German offerings slim but delicious at Mueller’s

Rob Young The wiener schintzel sandwich from Mueller’s Pub.

Just about every day, Alex Mueller offers up a seat at the Stammtisch at his eponymously titled establishment, Mueller’s Pub, situated near the Piggly Wiggly on Skylark Drive in West Ashley.

The Stammtisch represents a traditional German table of honor for family, friends and regulars, which could mean about anyone to the affable and German-born Mueller.

Though the bar once housed an actual circular Stammtisch, it grew too large and cumbersome to bear.

So instead, Mueller’s itself acts as a symbolic Stammtisch, a welcoming place for all comers.

Formerly known as the Ten Seventeen pub under the same owner, it’s still colored by Mueller’s affections: soccer, the Michigan State Spartans and Germany.

His family owned and operated a hotel-restaurant-cafe in Germany’s Black Forest mountain range, and Mueller has adapted a few of his family recipes to fit America.

The bar manages to offer a pair of German mainstays: slow-cooked, beer-soaked bratwurst with sauerkraut ($6) and wiener schnitzel, which is elongated, battered, compacted and served with Jaeger sauce ($5.99).

Alas, there’s really just those two.

No currywurst.

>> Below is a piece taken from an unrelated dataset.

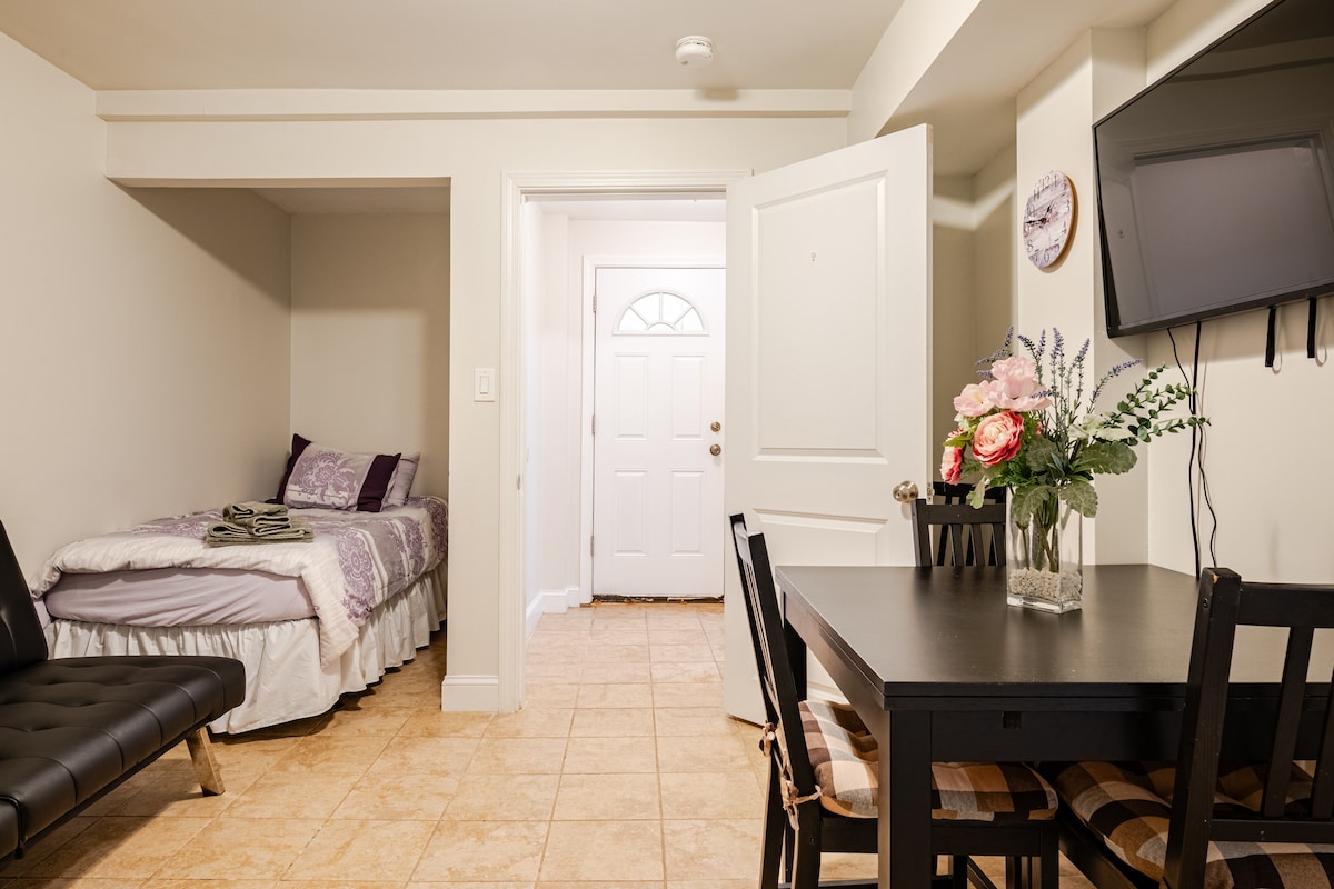 Priced for solo travelers but perfect for 2! Cozy studio, private entrance. Fully furnished w/queen sized bed (memory foam mattress), dresser, a/c, washer/dryer, bathroom with shower stall, closet, high speed Wi-Fi, kitchenette with a small fridge/freezer, griddle, sink, microwave, kettle, toaster, and rice cooker. On-street parking throughout the year on our quiet one-way street, driveway in the winter. Please note that the ceilings are 7 ft tall and shorter in some areas. Cameras outside.

No noodles or potatoes entries. No sour roast.

But that’s likely because the audience for BLTs and Italian hoagies is greater than the demand for wiener schnitzel, which is why Mueller’s makes do with typical bar trappings: hot wings, bacon and cheddar fries, jalapeno poppers and mozzarella sticks.

Other items include fried chicken and chef salads, roast beef sandwiches and popular chicken salad sandwiches.

Sure, the majority may not be of German extract, but one can always grab a seat at the bar, a St. Pauli Girl or Beck’s beer, watch a bit of soccer and pretend otherwise.